This Is What Peak Car Looks Like

The automobile—once both a badge of success and the most convenient conveyance between points A and B—is falling out of favor in cities around the world as ride-hailing and other new transportation options proliferate and concerns over gridlock and pollution spark a reevaluation of privately owned wheels. Auto sales in the U.S., after four record or near-record years, are declining this year, and analysts say they may never again reach those heights. Worldwide, residents are migrating to megacities—expected to be home to two-thirds of the global population by midcentury—where an automobile can be an expensive inconvenience. Young people continue to turn away from cars, with only 26 percent of U.S. 16-year-olds earning a driver’s license in 2017, a rite of passage that almost half that cohort would have obtained just 36 years ago, according to Sivak Applied Research.
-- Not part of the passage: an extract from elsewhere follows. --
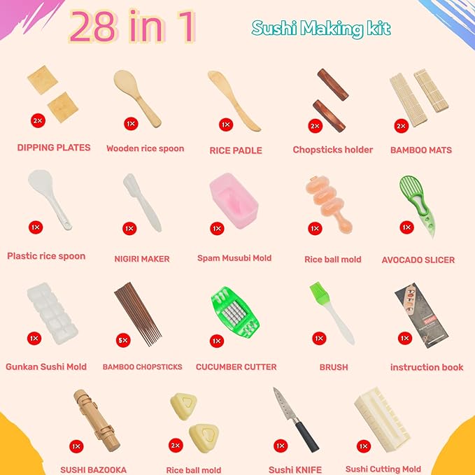 Sushi Making Kit, 28 in 1 Sushi Making Set for Beginner &Pros, with Bamboo Sushi Mats, Sushi Bazooka, Onigiri Mold, Rice Paddle, Sushi Knife, Sushi ball maker, cucumber slicer & More

Likewise, the annual number of 17-year-olds taking driving tests in the U.K. has fallen 28 percent in the past decade.

Meanwhile, mobility services are multiplying rapidly, with everything from electric scooters to robo-taxis trying to establish a foothold in the market. Increasingly, major urban centers such as London, Madrid, and Mexico City are restricting cars’ access. Such constraints, plus the expansion of the sharing economy and the advent of the autonomous age, have made automakers nervous. That’s also pushed global policymakers to consider the possibility that the world is approaching “peak car”—a tipping point when the killer transportation app of the 20th century finally begins a steady decline, transforming the way we move.

Rather than signaling the end of the road for the automobile, peak car is a reflection that reurbanization and the widespread adoption of mobile apps that can summon a vehicle on demand will lessen the need for many of the 1.3 billion vehicles now on the road. And with new cars increasingly expensive, but mostly used just a few hours a day, the financial case for alternatives is growing stronger. “When you put all these trends together, you’re going to see a cap on personal vehicle ownership start to emerge,” says Mike Ramsey, an automotive consultant with researcher Gartner Inc. “We are near peak car.”